O Outro referido ao simbólico não consegue, porém, dar conta de tudo pela
palavra e nos remete ao impossível de se dizer. Esse impossível a descoberto gera
mal-estar, mobilizando o sujeito em busca de maneiras diferenciadas para suportá-lo.
Aquilo que advém como resposta de cada um ao mal-estar demonstra o modo
particular do funcionamento psíquico e, inclusive, produz sintomas.

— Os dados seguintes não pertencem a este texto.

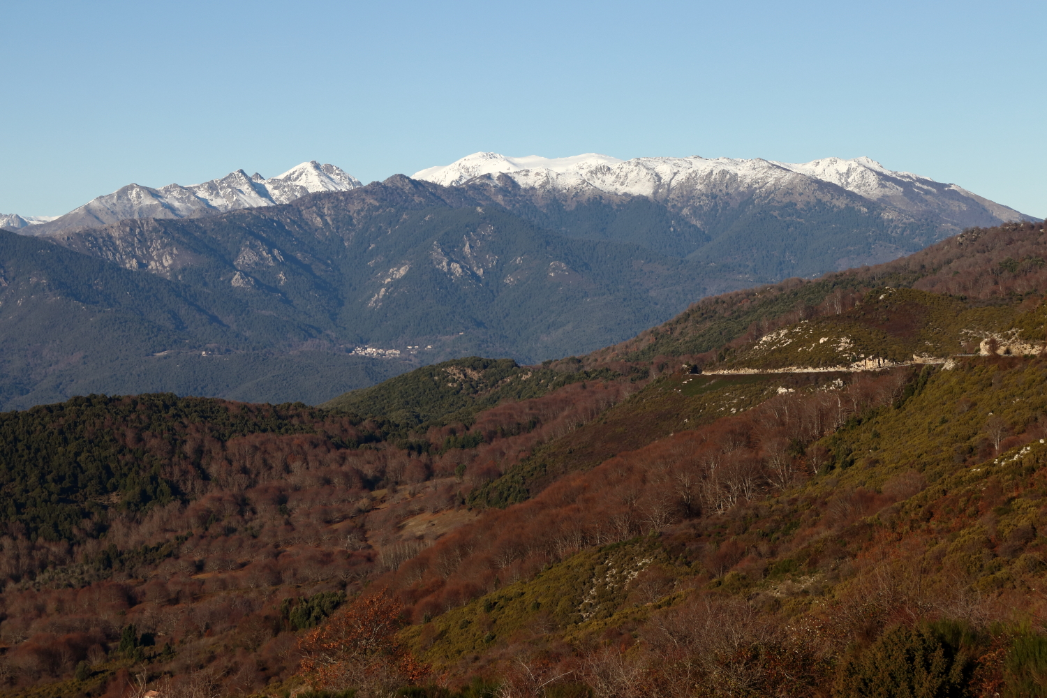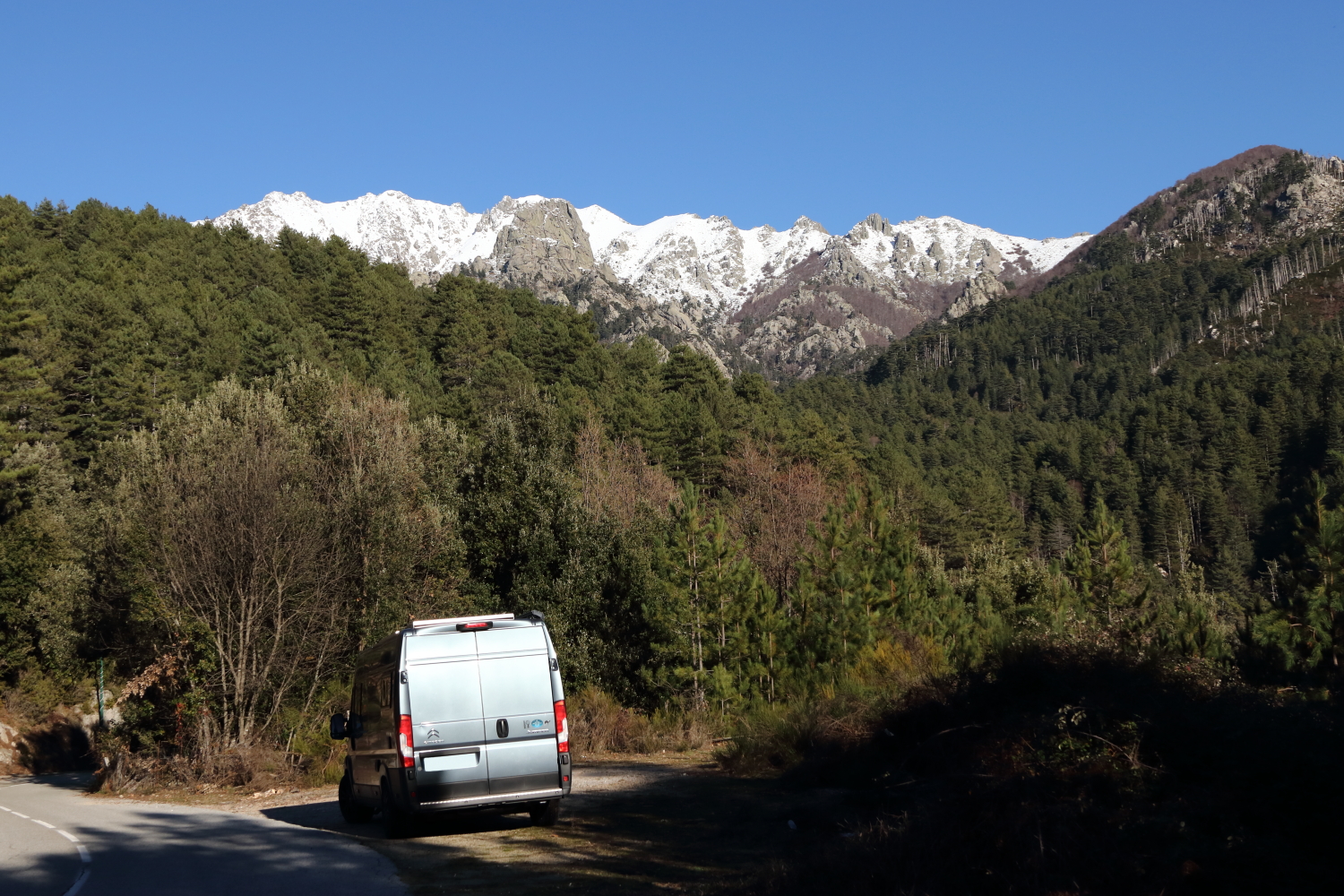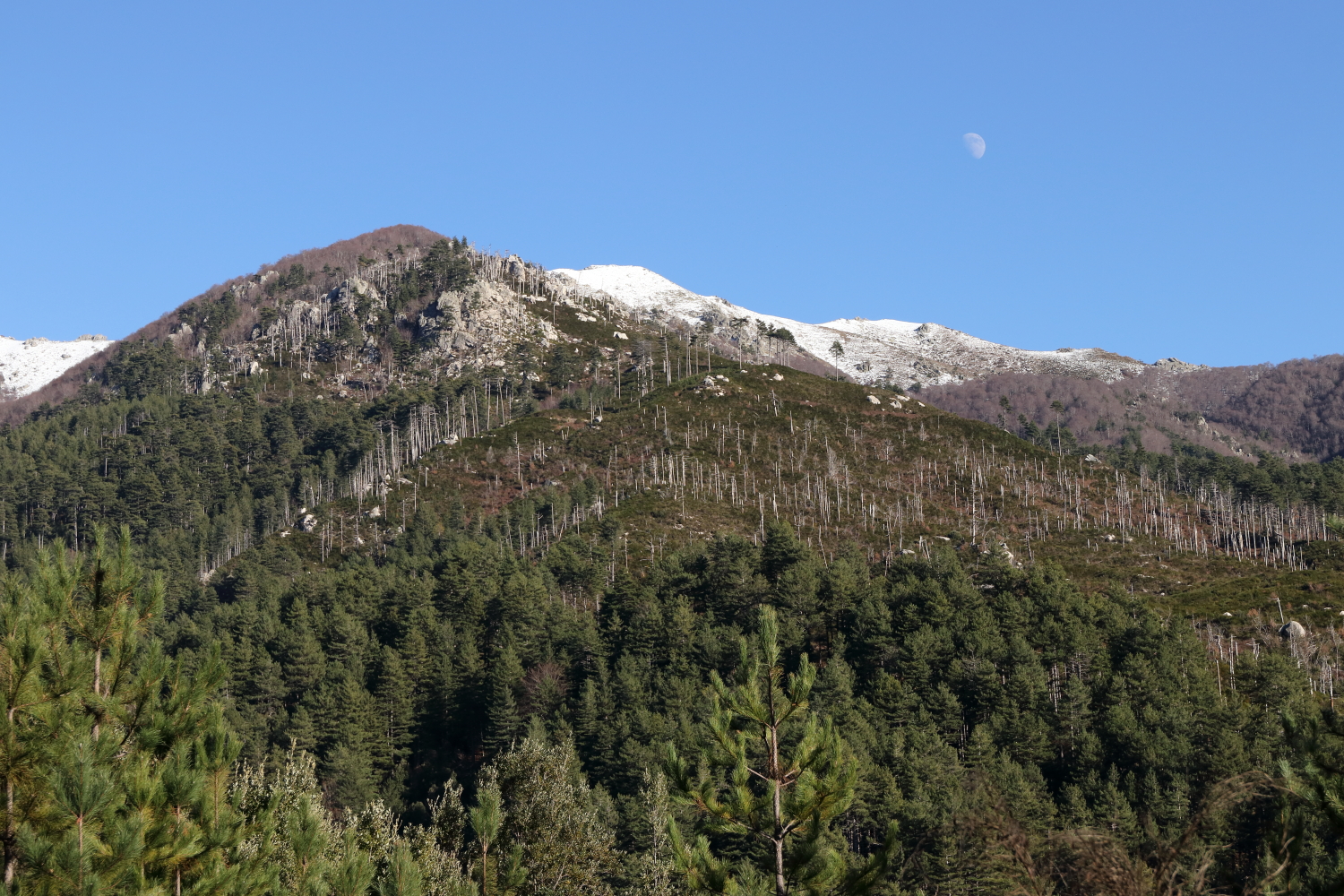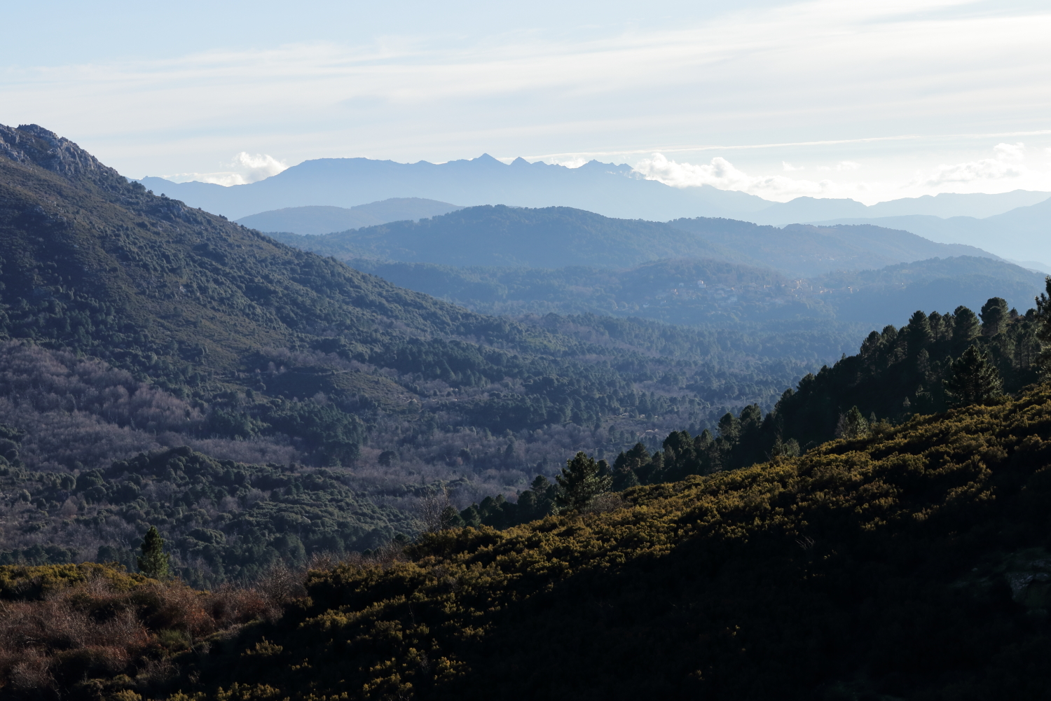 La départementale D69 entre Vivario et Sartène est l’un des itinéraires les moins faciles mais des plus spectaculaires. Elle traverse le centre de l’île de la Corse-du-Sud par le col de Verde (1289 m). À cette saison, avec la chute des feuilles, les panoramas sont grands ouverts. Le porcu nustrale est la race de cochon traditionnel corse vivant en semi-liberté dans les forêts de chênes et de châtaigniers.

Lanjoquiere (2002), interroga quais as razões que levam um adulto (seja ele
professor, ou pai), a ocupar um caráter educativo. Ele coloca, que além dos motivos
individuais, esta escolha diz respeito a amortizar a dívida simbólica, adquirida na sua
própria infância, com os adultos importantes, “ O que a educação tenta repor, é
sentido como falta” (p,140). Uma falta em ser para o outro. Assim poderia se pensar
que aquele que educa o faz em nome de uma dívida com seu próprio pai (enquanto
representante do simbólico).

No passado ao nos lembrar de momentos onde o conhecimento era passado


de geração para geração, o lugar do saber materno fazia papel fundamental, fazendo
laço e remetendo a criança, a uma história, a sua própria história, mas nos dias de
hoje, diante de uma sociedade tão individualizada que sofre com tamanho
desamparo, muito se perdeu, esse conhecimento e saber, é obtido, muitas
vezes, por referenciais médicos e diagnósticos. São numerosos os casos, onde
a medicação é a saída tida pelos adultos, diante dos “desajustes”, das
crianças, mascarando assim os verdadeiros sintomas, e de seu próprio saber
sobre seu corpo, ficando o seu próprio desejo sedado.